THE RETURN OF THE NATIVE
VI
A Conjuncture, and its Result upon the Pedestrian
W now determined to visit E by day
C asleep on hearthrug after his labours
contrast between W & C ‘painfully apparent’ to E - p232
again W opines ‘The fates have not been kind to you’
E admits she loved C partly for the life he would give her
E embarassed when Mrs Y knocks – retreats with W
‘This is your first visit here; let it be your last.’
E assumes C will wake and admit his mother...

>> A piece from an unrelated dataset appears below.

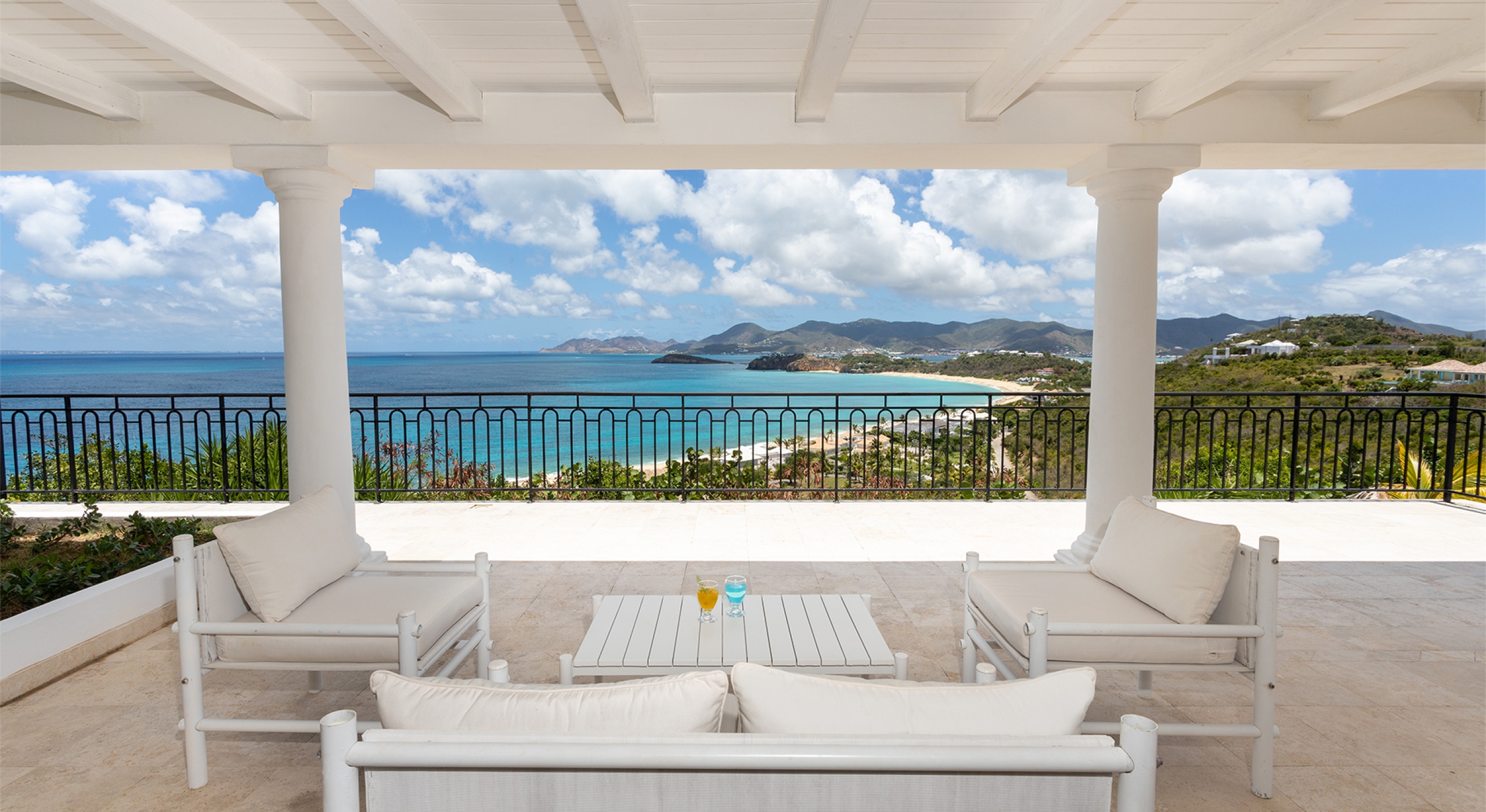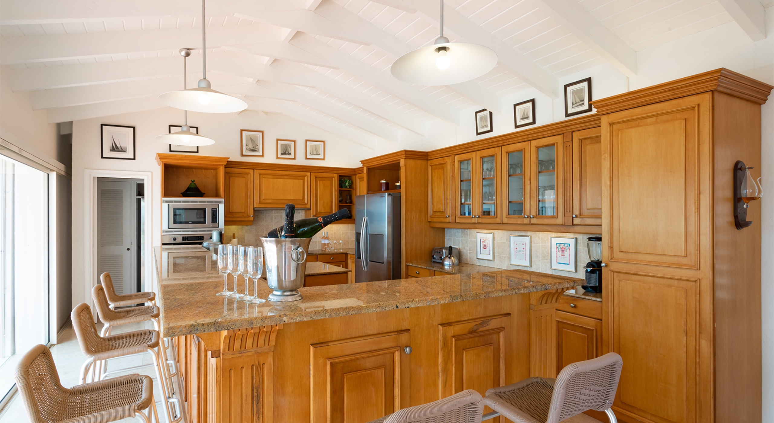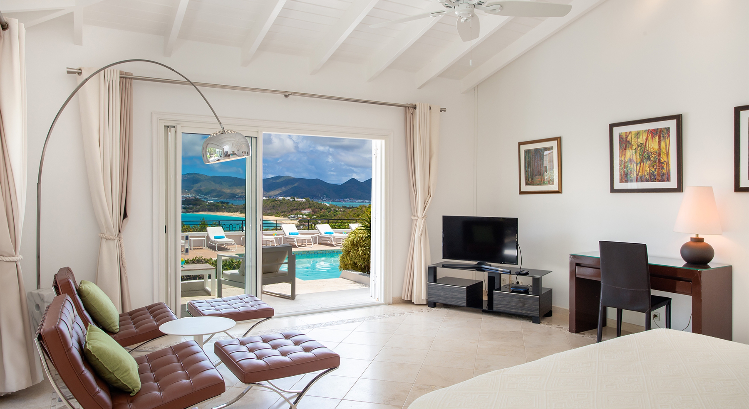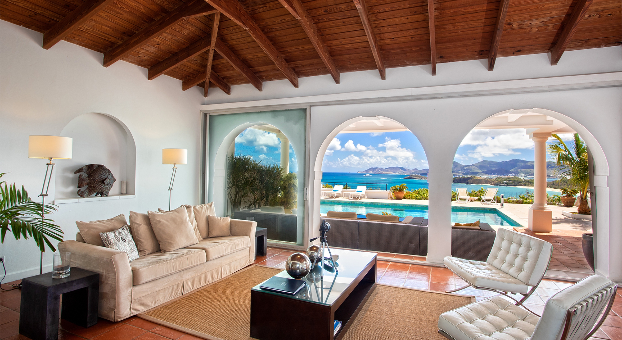 Inside, the villa flows seamlessly between indoor and outdoor living. A spacious double living room connects to a formal dining room framed by graceful arches, as well as outdoor dining and lounge areas. The fully equipped kitchen, outfitted with granite countertops and a wide pass-through window to the terrace, overlooks Baie Rouge and invites effortless entertaining.

C sleeps on and Mrs Y departs, exhausted & distraught
she meets Johnny Nonesuch, who sees her symptoms
but lacks understanding of how close to death she is – ‘like a lamb when you
drive him till he’s nearly done for’
VII
The Tragic Meeting of two old Friends
C has been dreaming of his mother
C determines to visit his mother that same evening
E tries to postpone his visit to no avail
C discovers his mother on thyme bank, unable to speak
he carries her to a lonely shed
the company of heathfolk arrive to help
she has been bitten by an adder – symbol of evil
C ‘anointed the wound’ – superstitious cure
VIII
Eustacia hears of good Fortune and beholds Evil
grandfather tells E of W’s inheritance - £11,000 – irony
calls her a fool for not sticking with him
E reflects on W’s ‘unparalleled grace’ towards women
and how little attention she paid him earlier
W appears – he would exchange his fortune for E
he plans to travel – ironically to Paris
significantly they are united in their estimation of Paris –
‘the central beauty-spot of the world’ – p249
W & E go towards Bloom’s End and discover the hut
Mrs Y is fading – her heart and exhaustion the cause
she dies and Johnny pipes up ‘ she was a broken-hearted woman and cast off
by her son’ – p251
E – ‘I am to blame for this. There is evil in store for me.’